Theoscargoesto · 04/03/2022 14:52

I think the way it works is that children need approval. If, to get that approval, they need to be good, and good means not needy, or time consuming, (or in my case not ‘difficult’), they learn to be ‘good’ on the parents’ terms. Those lessons are learned really early on, and become a person’s script, if you like. And to some extent of course it’s normal to want to please our parents, even if they are dysfunctional or neglectful. No doubt the parents were doing their best, providing for the children and it may not be their fault that they didn’t recognise their sons needs and meet them at an appropriate time.

Can you tell this has come up in my own therapy? I recognise the need as an adult to please my parents which comes from my childhood, so I think what your DH is experiencing is not uncommon. It sounds like he is in a good place to learn about his family and do things differently if he so chooses. I wish you both well in that because I know it’s hard to abandon those scripts (not least because they have had benefits as well as disadvantages over the years).

Zoomtothemoo · 04/03/2022 19:26

Thank you, it's helpful to hear from people who have also experienced this themselves.

I'd say he absolutely seeks their approval.

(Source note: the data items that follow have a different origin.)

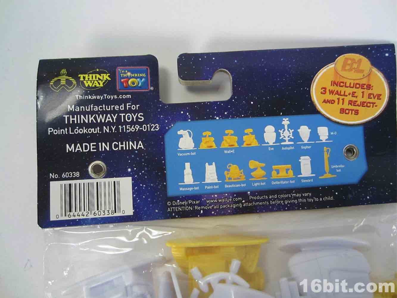 You get 5 robots - 3 takes on Wall-E, plus Vaccum-bot, Eve, Autopilot, Gopher, M-O, Massage-bot, Paint-bot, Beautician-bot, Light-bot, Defibrilator-bot, Steward, and the Umbrella-bot. Note, some of them don't have final names - they're just placeholders. This is not a complete cast of the movie - after all, there's no Burn-E. Still, it's a nice box of cheap toys but they may have more to offer the older fan.
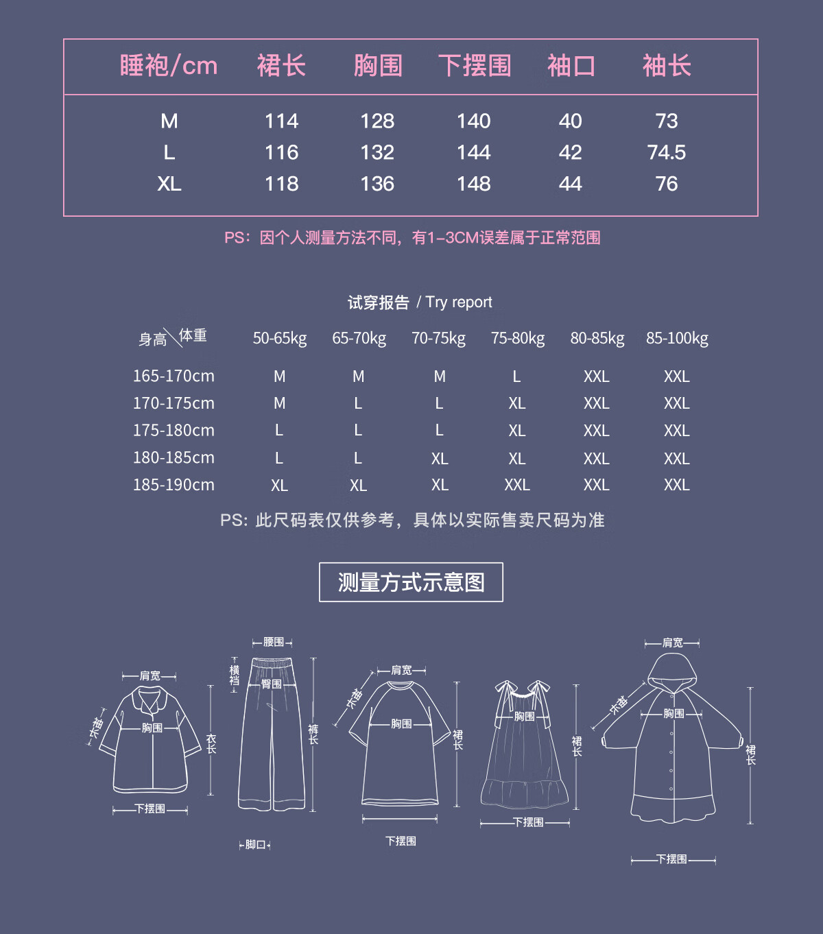 China (cm) 160-165/84-86 165-170 / 88-90 167-172 / 92-96 168-173 / 98-102 170-176 / 106-110
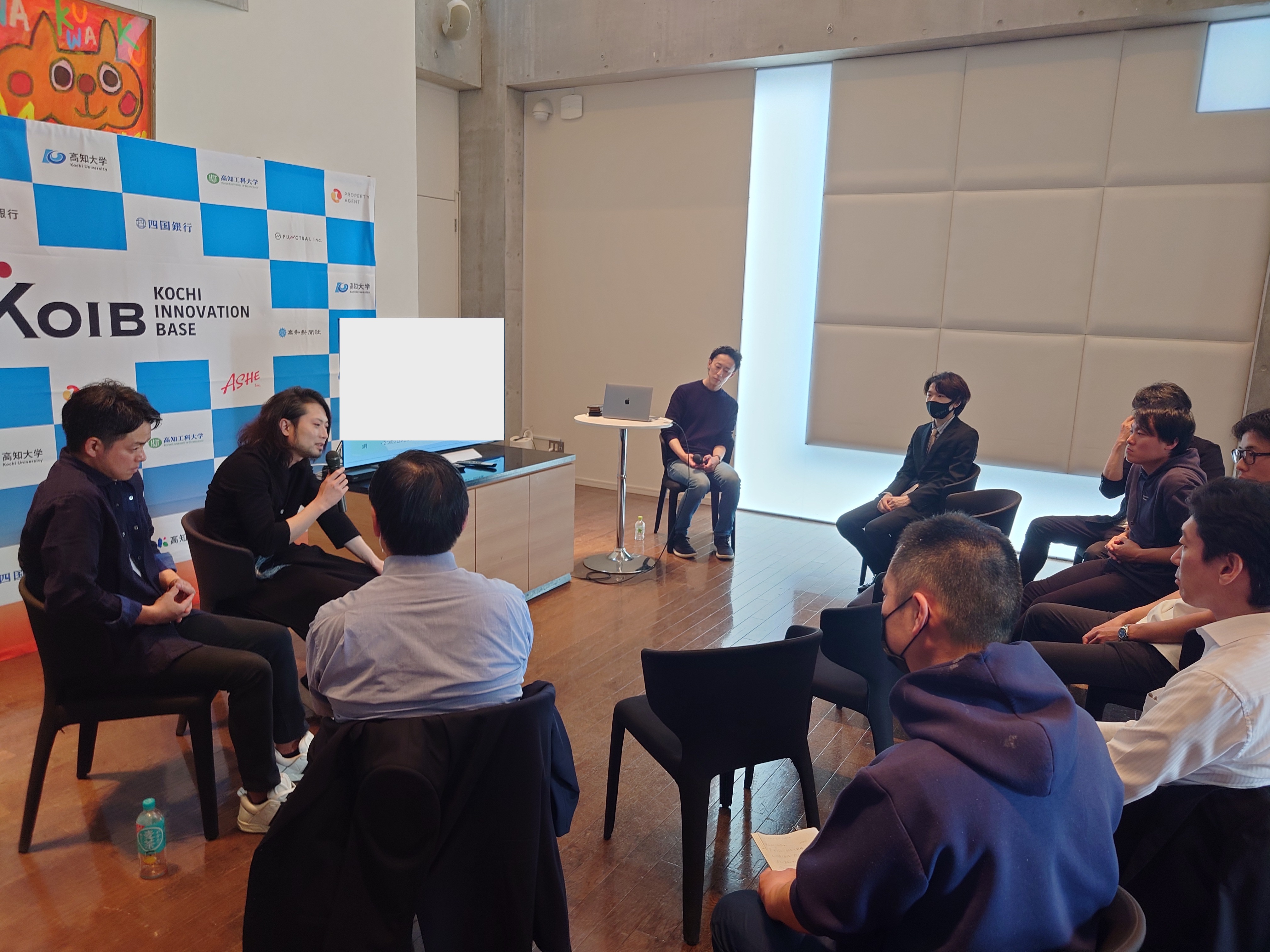 マンツーマンセッションを受けられた起業家のみなさんに成果報告をしていただくとともに、トークセッションを設けて、振り返りと高知の将来性を共有しました。
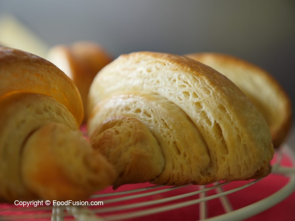 Place the croissants on the greased baking tray. Folding end must lay down.
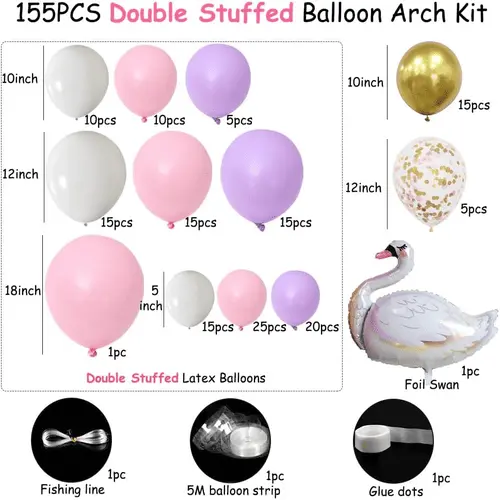 Lengkungan balon angsa adalah salah satu produk populer kami. Ini terdiri dari kamibalon latex kualitas terbaikdan balon foil yang tahan lama. Gayanya romantis dan fantastis. Banyak pelanggan kami memilih untuk memesan kit ini, dan ini sangat membantu bisnis mereka. Lengkungan balon angsa cocok untuk berbagai kesempatan, seperti pesta ulang tahun, pesta pernikahan, baby shower, dan sebagainya.
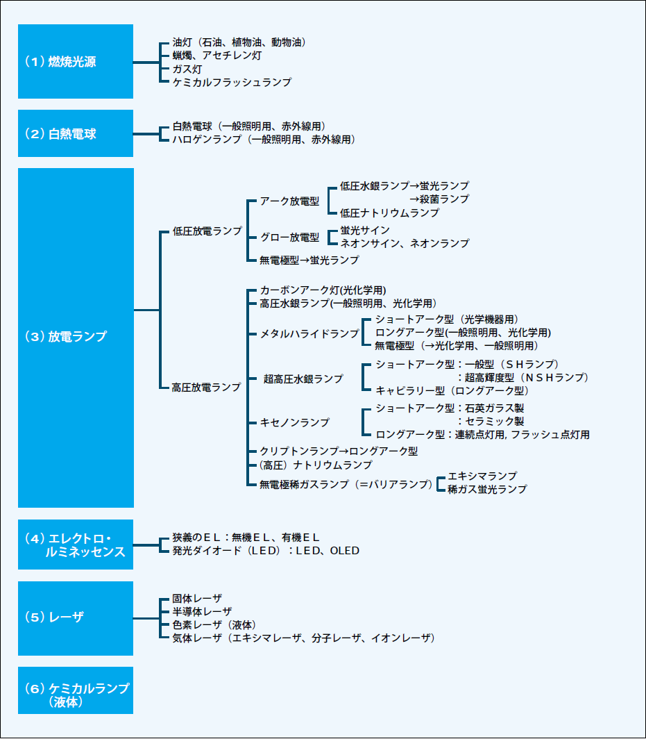 図2-1に人工光源のおおまかな分類を示す。燃焼光源は、電気エネルギーを使用した白熱ランプや放電ランプが出現する以前に重用された光源であるが、発光原理的には燃焼熱により炭素粒子(油灯、蝋燭)やセラミック(ガス灯)、ジルコニア粒子(ケミカルフラッシュランプ)が加熱され、白熱発光する現象を使用したものである。油灯はエジプトや中国では約5000年前から実用されていたが(恐らく動物油灯)、現在では油灯(植物油、灯油)や蝋燭は寺院、山小屋などで使用されているだけである。ガス灯も現在では記念品的な使用例が幾つかあるだけである。
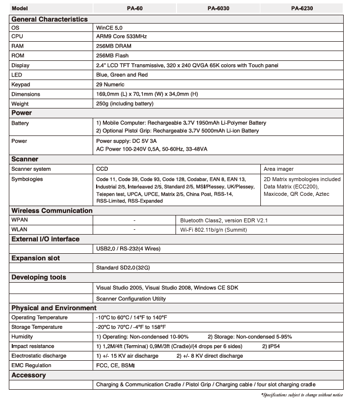 The Argox PA-60 is a high-performance industrial mobile computer designed to streamline data collection in demanding environments like warehouses, logistics centers, and retail back-offices. This specific configuration, featuring Windows CE 5.0 and an ergonomic handle, is built for high-intensity scanning tasks where comfort and durability are non-negotiable.
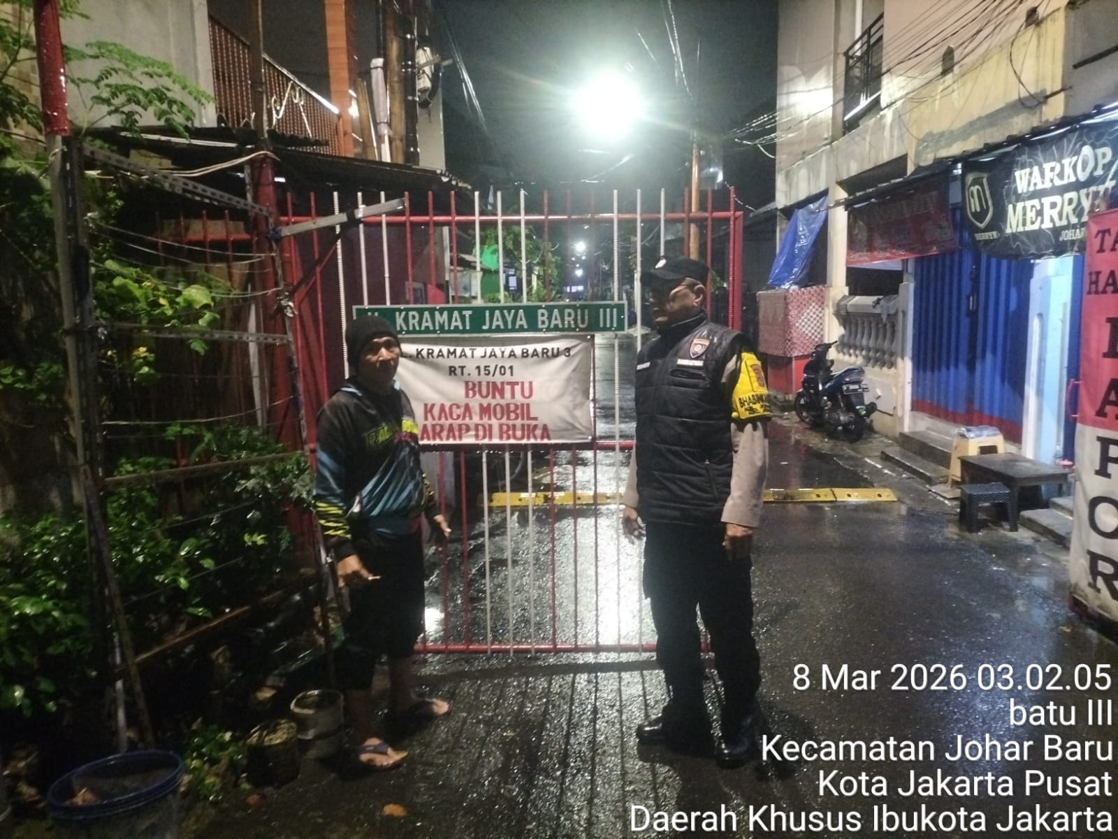 Jakarta Pusat – Upaya menjaga situasi keamanan dan ketertiban masyarakat terus dilakukan jajaran kepolisian melalui kegiatan sambang dan patroli wilayah. Seperti yang dilakukan Bhabinkamtibmas Kelurahan Johar Baru Aiptu Sunarto yang menyambangi Poskamling RT 15 RW 01, Jalan Kramat Jaya Baru, Kelurahan Johar Baru, Kecamatan Johar Baru, Jakarta Pusat, Minggu (8/3/2026) pukul 03.00 WIB.

I'd go as far to say that because MIL doesn't approve of me, or hasn't in the past, it has possibly sabotaged his feelings for me too. It's very complex. I'm glad we're getting help.

OP posts:
PLaurel · 04/03/2022 19:41

Hi. My DH sounds very like yours. He’ll do anything for his family - put them first and us second. He also came from “benign neglect “ - busy parents who came and went. It’s not easy. I sympathise because even when his family are clearly a negative influence he’ll fall in. Good luck - at least he’s in therapy.